2. High-frequency spectrum

The typical mobile spectrum (≤6 gigahertz – GHz) is crowded. To get more bandwidth for 5G and IoT, carriers are eyeing millimeter waves (mmWaves), but they will have work around its limitations. Historically, mmWaves were not used in mobile broadband because they do not travel very far and cannot move through obstacles like buildings or trees. In fact, rain and plants absorb them. To sidestep these shortcomings, 5G network design can include small cells, Massive MIMO, and coding algorithms to strengthen and focus signals.

5G icon small cells

3. Small cells

Small cells already complement macro towers to provide more capacity, but using a high-frequency spectrum makes small cells a central technology. With 5G, mmWaves broadcast by traditional towers will rely on a dense small cell network at the neighborhood level to relay signal around obstacles. Forty percent of surveyed carriers plan to deploy between 100-350 small cells per square kilometer to densify their networks for 5G, compared to the typical two to five sites to support 4G.

5G icon cloud

4. Edge computing

Paired with small cells, edge computing will create a distributed cloud network that processes data at the source. This techno-pair is ideal for 5G because it reduces load on backhaul networks by processing at the edge, and enables context awareness, low-latency, and data analytics capabilities needed to support many 5G use cases.
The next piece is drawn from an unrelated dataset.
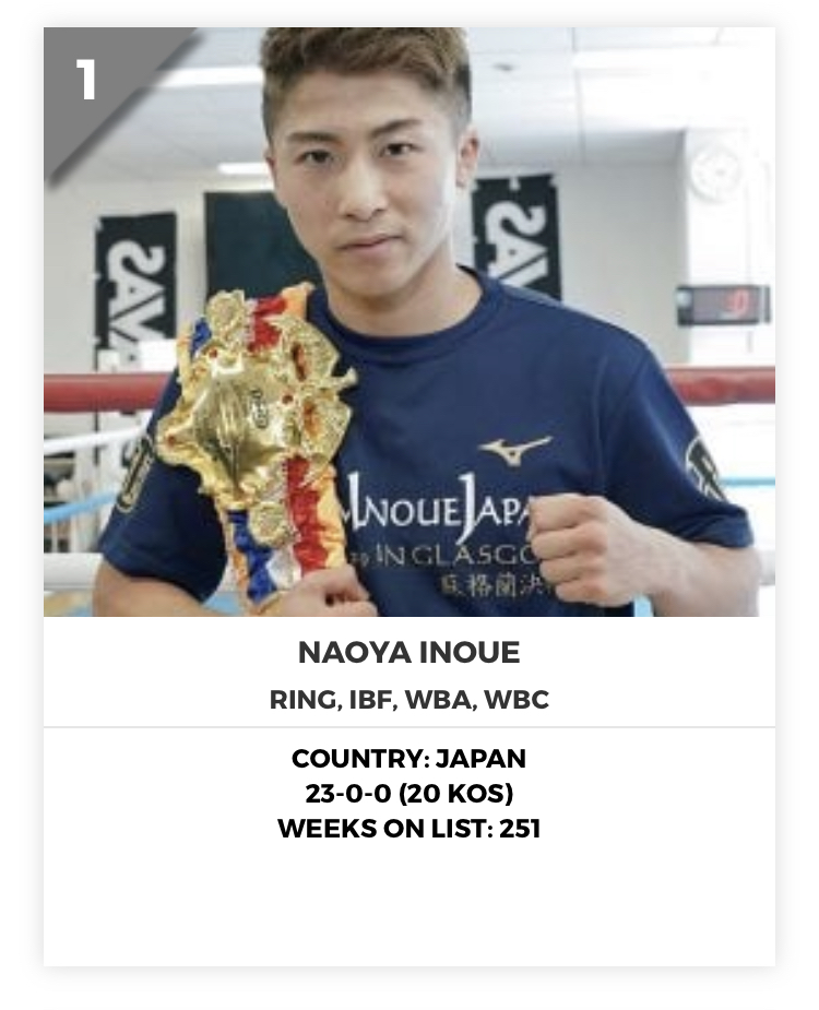 さまざまな媒体が独自のP4Pランキングを出しており、以前にも英国のどこかの媒体で井上尚弥がP4Pキングになった、というニュースは見たと思います。

It’s no surprise that 62 percent of carriers will deploy edge computing by 2022.

5G icons fiber optic

5. Fiber optic cable

Ironically, the heart of 5G wireless is wireline. To hit the 5G speeds, it is estimated that nearly 1.4 million miles of fiber cable will be needed to fully deploy 5G services (with small cell connections) to the top 25 U.S. metropolitan areas. Fiber’s limitless bandwidth is critical to support small cell densification, push computing to the edge, and increase connectivity especially in rural and underserved areas. Within the network, fiber will also support fronthaul and backhaul from the edge of the network to the core.